Старики не виноваты, что под конец на них всегда все обрушивается, и потому я не такой уж сторонник законов природы.
Это было что-то – слушать мосье Шарметта, толкующего про поезда, вокзалы и расписания, словно он еще надеялся выпутаться, сев в нужный момент на нужный поезд и сделав удобную пересадку, тогда как на самом деле прекрасно знал, что уже прибыл на конечную и остается только сойти.
Так у них продолжалось еще порядком, и я начал беспокоиться за мадам Розу, видя, что она прямо-таки ошалела от такого важного посещения, словно ей пришли воздать последние почести.
Я открыл для мосье Шарметта коробку шоколадных конфет, которую дала нам мадам Лола, но он к ним не притронулся – видно, его органы запрещали сахар. В конце концов он ушел вниз на свой третий этаж, и от его визита лучше не стало: мадам Роза лишний раз убедилась, что люди к ней все добрее и добрее, а от этого хорошего не жди.
Отсутствия становились у мадам Розы все продолжительней, и иногда она проводила в бесчувствии целые часы.
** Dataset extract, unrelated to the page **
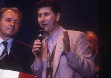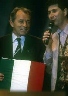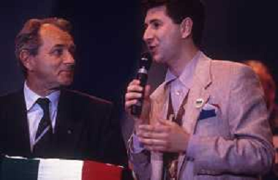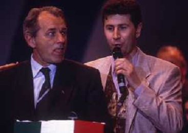 RETROSPETTIVA FABIO AGOSTINO FRANCESCO FAZIO CONDUTTORE TELEVISIVO-IMITATORE-SCRITTORE E PRODUTTORE ARTISTICO NELLA FOTO FABIO FAZIO NELL'ANNO 1991 ALLA FESTA SCUDETTO DELLA SAMPDORIA CALCIO CON VUJADIN BOSKOV AG ALDO LIVERANI SAS

Мне на ум приходило объявление, которое вывешивал мосье Реза, сапожник, чтобы известить, что в случае его отсутствия следует обращаться к другому, но я так и не понял, к кому же надо обращаться, ведь даже в Мекке, обращаясь к Богу, бывает, подцепляют холеру. Я просто садился на табурет рядом с ней, брал ее за руку и дожидался ее возвращения.
Мадам Лола помогала нам чем могла. Она приезжала из Булонского леса совершенно разбитая усилиями, приложенными по своей специальности, и спала иногда до пяти часов дня. Вечером она поднималась к нам подсобить. Изредка у нас еще бывали пансионеры, но мало – на жизнь их все равно не хватало, и мадам Лола говорила, что профессия приходит в упадок из-за дармовой конкуренции. Шлюх, которые за так, полиция не трогает, она преследует только тех, кто чего-то стоит. У нас был случай шантажа, когда один сутилер, на поверку оказавшийся самым обыкновенным сводником, грозился донести на одного сына шлюхи в Призрение с последующим лишением ее родительских прав за проституцию, если она не согласится уехать в Дакар, и мы десять дней укрывали пацана, которого против всех правил звали Альфонс, но потом дело уладилось, потому что за него взялся мосье Н’Да Амеде. Мадам Лола вела хозяйство и помогала мадам Розе содержать себя в чистоте. Я не собираюсь по этому поводу осыпать ее цветами, но я никогда не видывал человека, который проявил бы себя лучшей матерью семейства, чем мадам Лола, и очень жалко, что природа этому воспротивилась. Это вопиющая несправедливость, потому что если где и могли быть счастливые дети, так это там. Но она даже не имела права никого усыновить, потому что перевертыши, они слишком особенные, а этого не прощают. От этого мадам Лола иной раз ходила сама не своя.